Starting with the line that has "This sauce dish" in the records below and stopping after the line that has "Drawing of Retro", output every line exactly and nothing else; skip pictures.

DATA SHOWN Start Marker

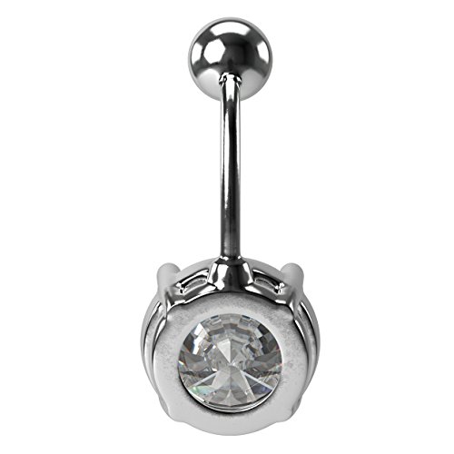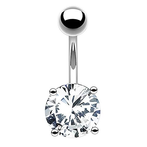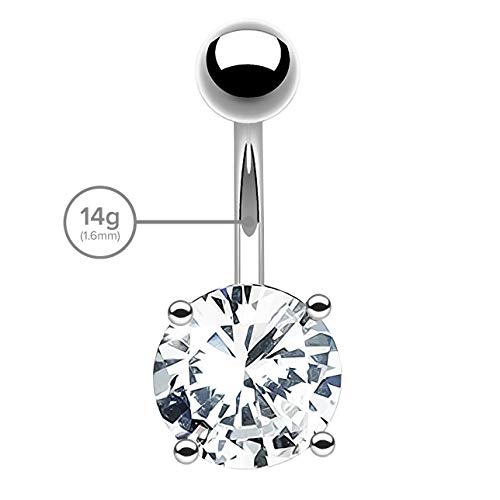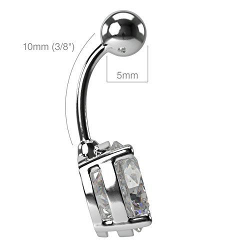 Bling Piercing - خاتم سرة البطن من الستانلس ستيل الجراحي 14 غرام للنساء والرجال مرصع بكريستال زركونيا مكعب واحجار كريمة 10 ملم
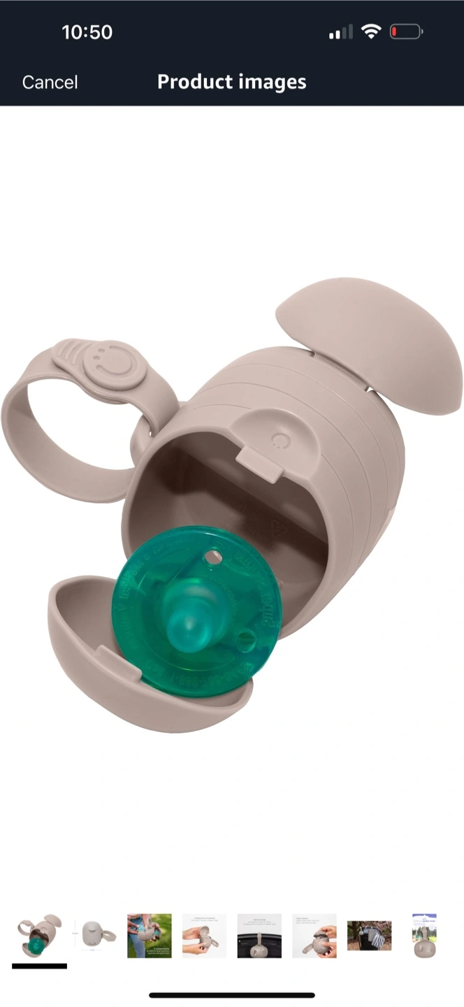 Silicone poop bag holder. Attaches to stroller or leash. Includes a small compartment for a pacifier. Durable and easy to clean.
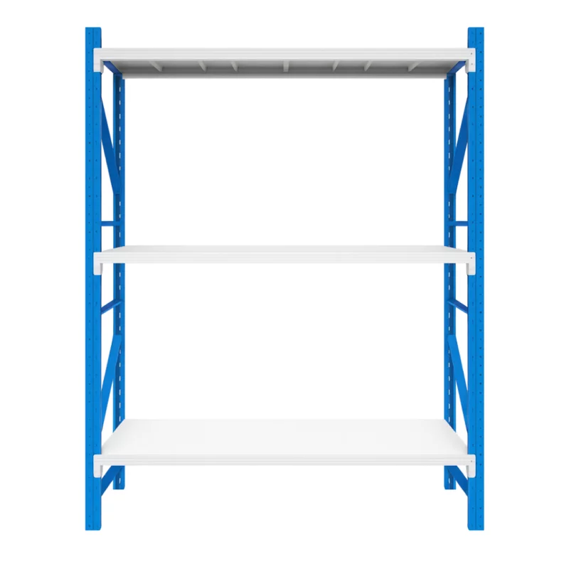 Schwerlastregal Metall Lagerregal verzinkt & pulverbeschichtet – H2500 × L2070 × T600 mm – 3 Ebenen – 600 kg (200 kg/Ebene) – Weiß/Blau
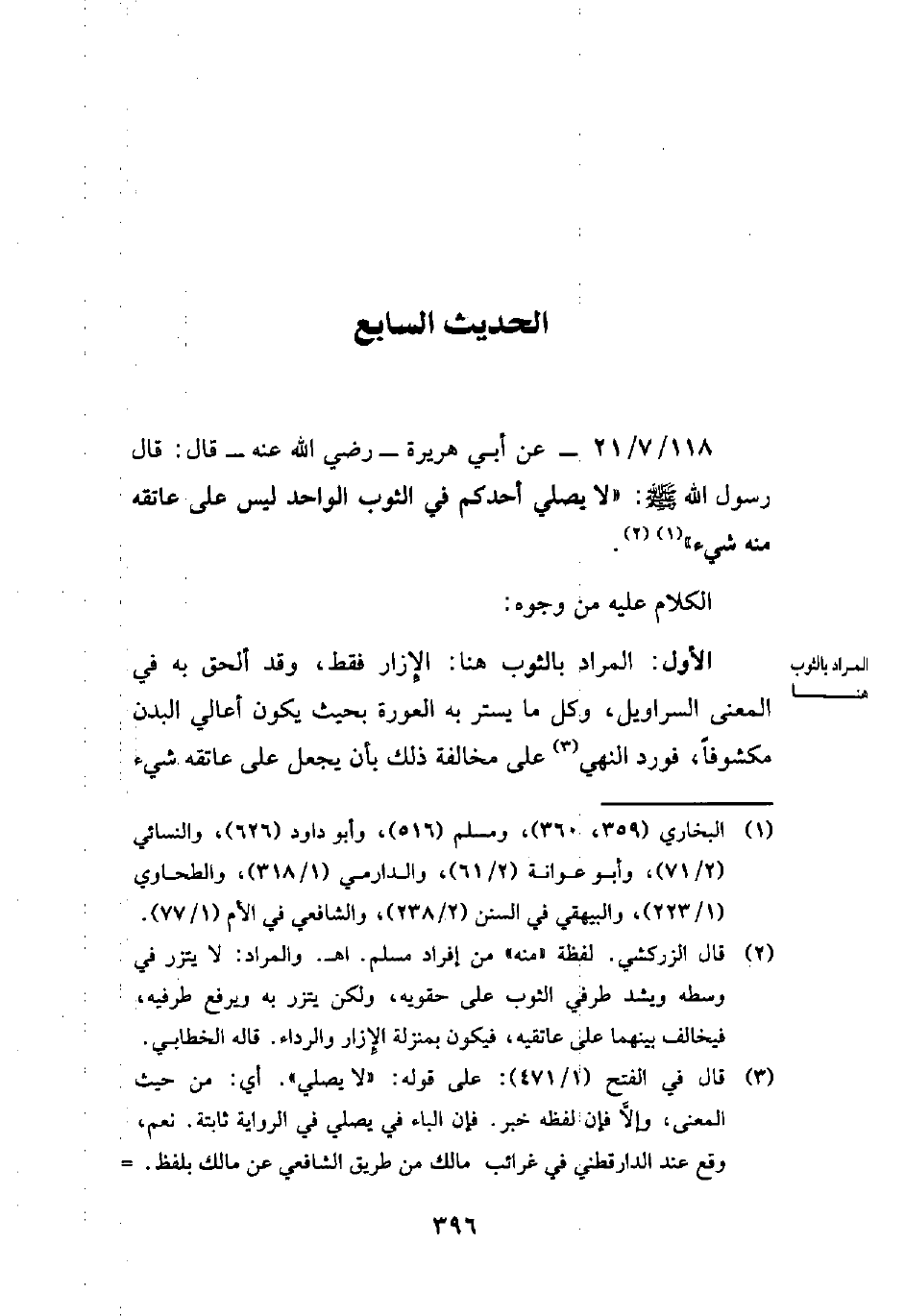 118/ 7/ 21 - عن أبي هريرة - رضي الله عنه - قال: قال رسول الله - صلى الله عليه وسلم -: "لا يصلي أحدكم في الثوب الواحد ليس على عاتقه منه شيء" (¬1) (¬2).
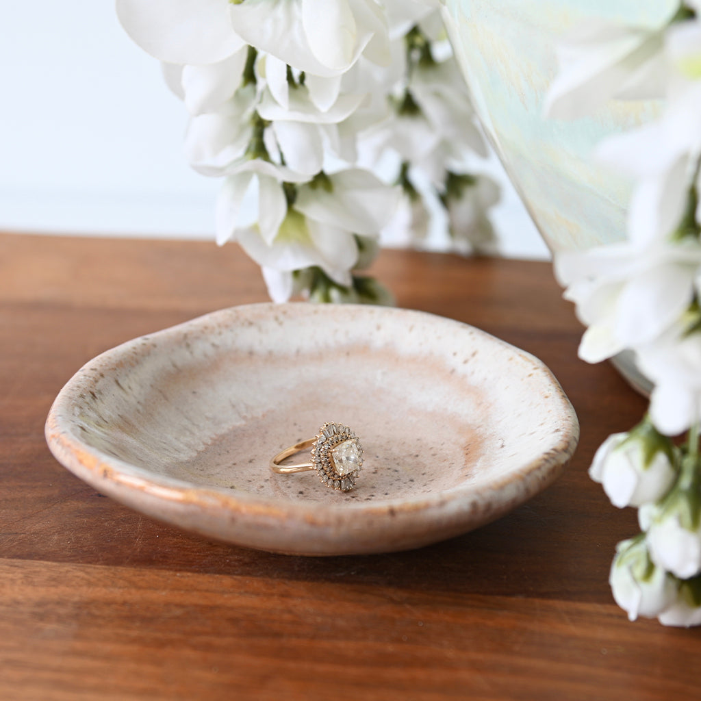 This sauce dish in the Primrose glaze is a beautiful addition to any place setting. Made with creative expertise, the beautiful glaze adds a touch of elegance to your table. Its unique design and glaze make it perfect for serving your favorite sauces, enhancing the dining experience for you and your guests.
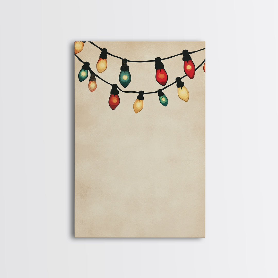 Drawing of Retro Christmas Lights Canvas Print - Framed Canvas - Minimalist Christmas Art - Boho Christmas Art - Rustic Christmas Art
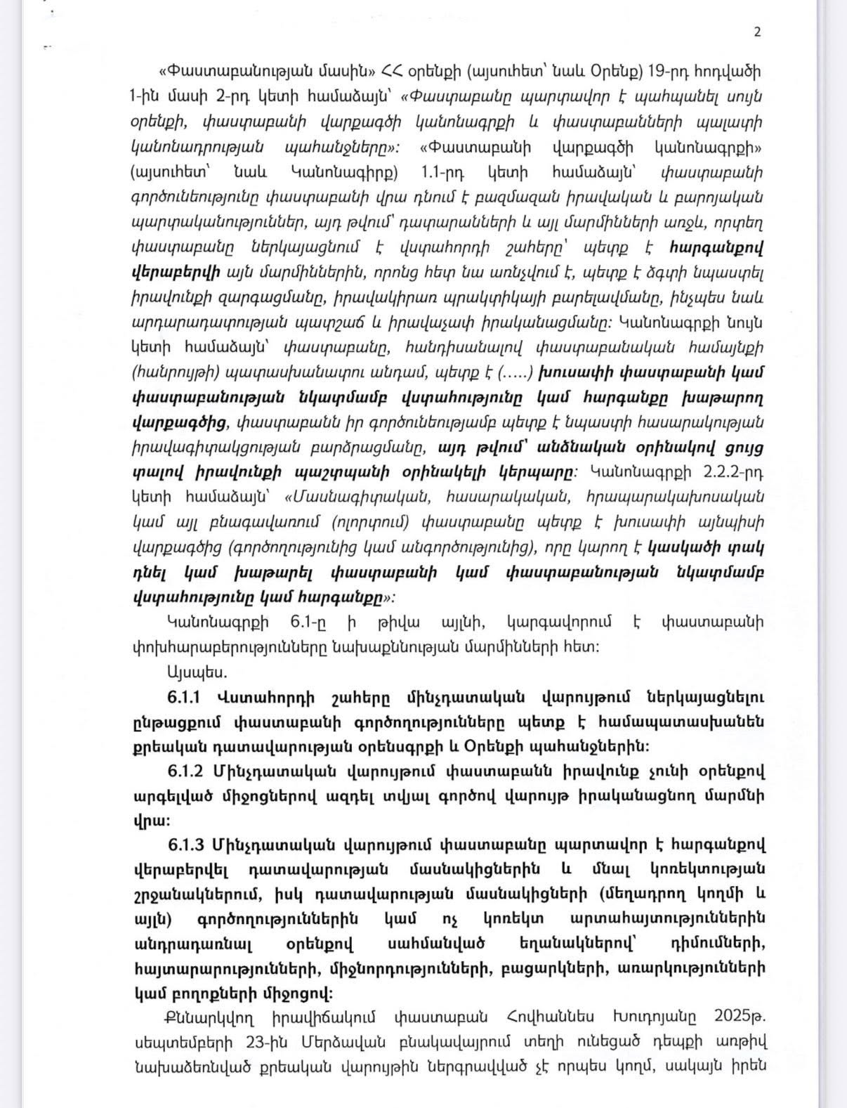 Երկու օր առաջ ստացել եմ ծանուցում ՀՀ փաստաբանների պալատից, որ իմ վերաբերյալ ներկայացվել է կարգապահական վարույթ հարուցելու հաղորդում: Այս մասին գրել է փաստաբան Հովհաննես Խուդոյանը:

DATA SHOWN End Marker

• [ANSWER FOR THE TASK]:
 This sauce dish in the Primrose glaze is a beautiful addition to any place setting. Made with creative expertise, the beautiful glaze adds a touch of elegance to your table. Its unique design and glaze make it perfect for serving your favorite sauces, enhancing the dining experience for you and your guests.
 Drawing of Retro Christmas Lights Canvas Print - Framed Canvas - Minimalist Christmas Art - Boho Christmas Art - Rustic Christmas Art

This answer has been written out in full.